More than 90% of cultural items at Danish stock exchange rescued from fire

More than 90% of cultural items at Danish stock exchange rescued from fire

As fire tore through Copenhagen’s Old Stock Exchange in mid-April, many people in the Danish capital rushed toward the flames and emerged carrying paintings, sculptures and other important items of Denmark’s cultural heritage.

Seven weeks on and with about half the 17th-century building destroyed, including its dragon-tail spire, Denmark’s culture minister Jakob Engel-Schmidt said that more than 90% of the building’s cultural objects had been rescued.

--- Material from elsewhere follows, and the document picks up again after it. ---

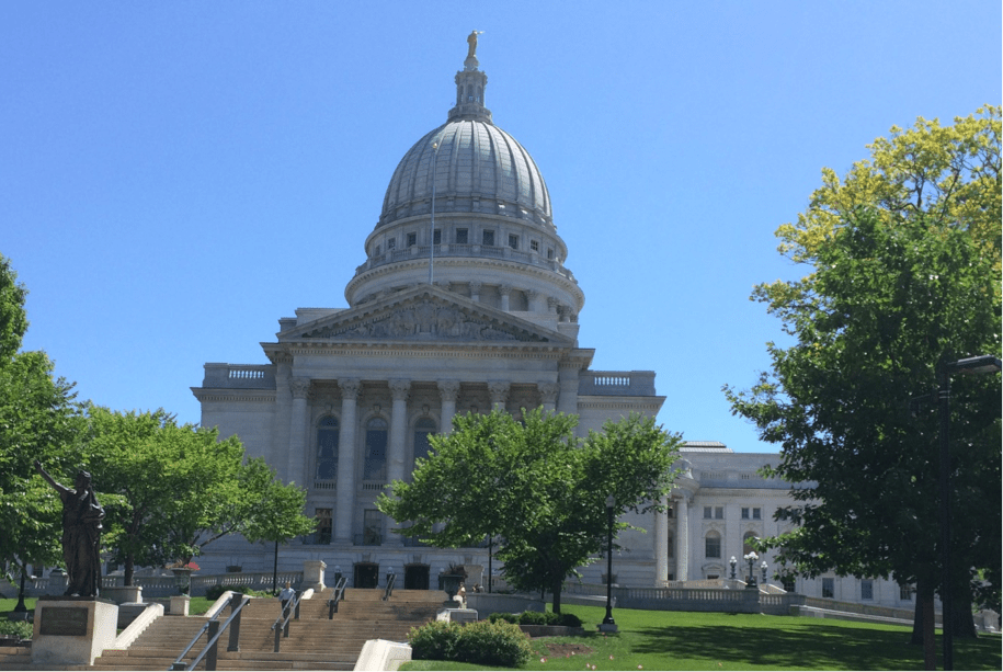 As I headed for my next stop, I passed the Wisconsin State Capital there in Madison, and stopped long enough to take a photo of that beautiful structure.  Wikipedia tells me that this Wisconsin Capital Building is the 5th and largest Capital Building to be built and used by the Wisconsin State Government since the first Territorial Legislature convened in Belmont,  Wisconsin Territory in 1836.

“People from the fire brigade, employees and volunteers just coming out of the streets were helping to save the artworks,” Mr Engel-Schmidt told The Associated Press.

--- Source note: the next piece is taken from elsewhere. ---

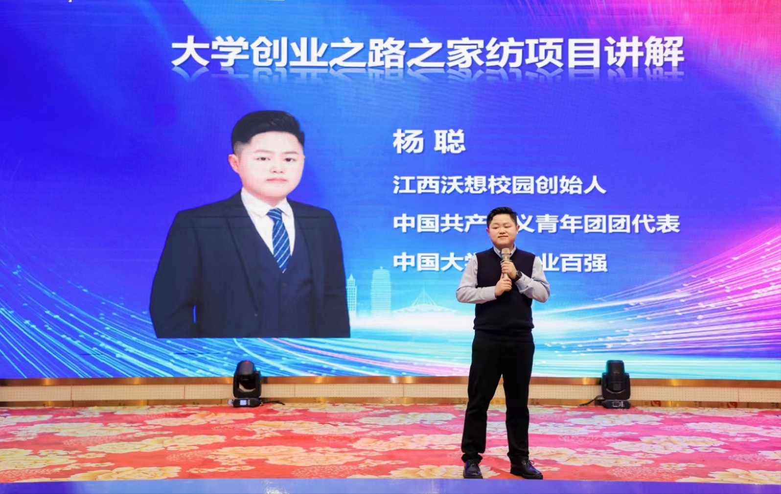 杨聪从大一开始创业,从最开始的“共享学车”项目获得校级立项,赚取了第一桶金,他慢慢明白创业不仅是为了挣钱,更重要的是承担社会责任。他又开启了校园家纺“梦甜优品”的创业,立志要让所有的大学生睡到无污染、温暖舒适的被窝!他将校园项目、软实力培训组合成一个全新的赋能平台——沃想校园,通过理论指导和项目实战的方式赋能大学生,打造一个中国大学生一站式就业创业服务平台。

“More than 350 artefacts and paintings were saved from the fire.”

Denmark Fire Recovered Art
National Museum of Denmark paintings conservator Nina Wajnman (James Brooks/AP)

Mr Engel-Schmidt said some items could not be saved, including a sculpture too heavy for rescuers to lift, and artworks painted directly on the building’s walls.

The sculpture was a copy of work by Danish neo-classicist artist Bertel Thovaldsen of King Christian IV who died in 1648. The king is credited with having had the Old Stock Exchange built.

The saved objects are now stored in an air-conditioned National Museum warehouse in Vinge near Frederikssund, about 22 miles, northwest of Copenhagen.

The facility is surrounded by fences, moats, and thick concrete walls.

“Some of the 170 paintings are being restored right now,” Mr Engel-Schmidt said. “Others are in a very good quality and will be on loan to different museums in the months to come so the public and the Danish people can enjoy them again.”

Denmark Fire Recovered Art
A painting saved from the fire is displayed at the National Museum’s warehouse in Vinge (Ida Marie Odgaard/Ritzau Scanpix/AP)

As fire tore through the more than-400-year-old building, even Brian Mikkelsen, chief executive of Denmark’s Chamber of Commerce, which owns the building, ventured in to rescue the art.

Thanks to a carefully created “heritage plan” that listed the most important paintings and sculptures, Mr Mikkelsen knew exactly what to prioritise: a huge painting titled From Copenhagen Stock Exchange by Danish artist P.S. Kroyer.

Completed in 1895, it depicts around 50 men in top hats gathered in the stock exchange’s Great Hall.

“That one was number one,” Mr Mikkelsen said of the painting, which he called a national icon by one of the country’s most famous painters.

He said it “symbolises the rise of Danish industry, society, welfare society and business society”.

Denmark Fire Recovered Art
The outer wall of the Stock Exchange collapsed (Thomas Traasdahl/Ritzau Scanpix/AP)

The cause of the April 16 fire is still under investigation, but it is believed to have started on the roof while it was wrapped in scaffolding because of continuing renovations.

Two days later, a large section of the building’s outer wall collapsed inwards.

Mr Mikkelsen has vowed repeatedly to rebuild the 1615 building, considered a leading example of Dutch Renaissance style in Denmark.

Such a project could take five years or more. Mr Mikkelsen said the financing was in order but did not say how much money had been raised.

Many paintings did not emerge from the fire unscathed, said Nina Wajnman, a paintings conservator with Denmark’s National Museum. She said several suffered water damage from firefighters’ hoses.

The fire in Copenhagen was reminiscent of an April 2019 blaze at Notre Dame in Paris. The 800-year-old cathedral also lost its spire. Its partial restoration is expected to be completed this year.